Freight shipping capacity constraints

The NY Times has a story on shipping costs:

Fighting for freight, retailers are outbidding each other to score scarce cargo space on ships, paying two to three times last year’s freight rates — in some cases, the highest rates in five years. And still, many are getting merchandise weeks late.

The problems stem from 2009, when stores slashed inventory. With little demand for shipping, ocean carriers took ships out of service: more than 11 percent of the global shipping fleet was idle in spring 2009, according to AXS-Alphaliner, an industry consultant.

Carriers also moved to “slow steaming,” traveling at slower and more fuel-efficient speeds, while the companies producing containers, the typically 20- or 40-foot boxes in which most consumer companies ship goods, essentially stopped making them.

With freight rates that high, why isn’t the idle portion of the fleet coming back into service?

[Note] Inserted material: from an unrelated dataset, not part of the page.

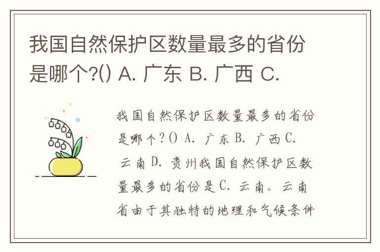 我国自然保护区数量最多的省份是哪个?() A. 广东 B. 广西 C. 云南 D. 贵州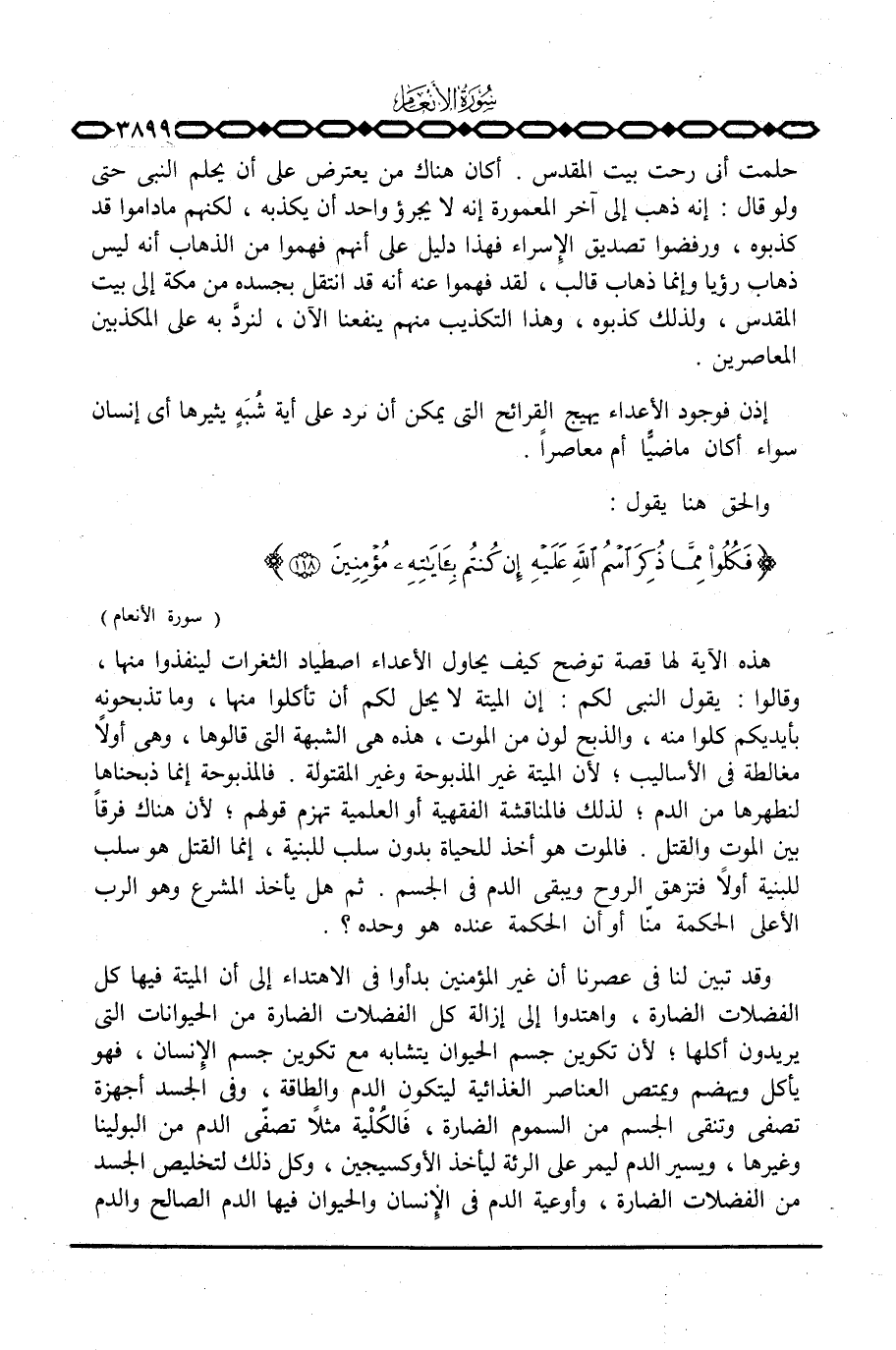 هذه الآية لها قصة توضح كيف يحاول الأعداء اصطياد الثغرات لينفذوا منها، وقالوا: يقول النبي لكم: إن الميتة لا يحل أن تأكلوا منها، وما تذبحونه بأيديكم كلوا منه، والذبح لون من الموت، هذه هي الشبهة التي قالوها، وهي أولاً مغالطة في الأساليب؛ لأن الميتة غير المذبوحة وغير المقتولة. فالمذبوحة إنما ذبحناها لنطهرها من الدم؛ لذلك فالمناقشة الفقهية أو العلمية تهزم قولهم؛ لأن هناك فرقاً بين الموت والقتل. فالموت هو أخذ للحياة بدون سلب للبنية، إنما القتل هو سلب للبنية أولاً فتزهق الروح ويبقى الدم في الجسم. ثم هل يأخذ المشرع وهو الرب الأعلى الحكمة منّا أو أن الحكمة عنده هو وحده؟ .

The shipping companies slowly added ships back into the system early this year, but they did so haltingly, not wanting to add too much supply and risk having their rates fall. (Major carriers largely hew to the rates set by carrier groups, which are allowed to discuss and set voluntary rates, under antitrust immunity.)…

Because of slow steaming, which takes containers out of the system for a longer period of time, and because places like Russia and India began to demand container space, finding something to ship goods in, much less space on a ship, has been problematic.

“There aren’t enough actual containers, so therefore, even if the vessel capacity situation is easing up a little bit,” said Peter Tirschwell, senior vice president for strategy at The Journal of Commerce, “you now have equipment that people can’t get.”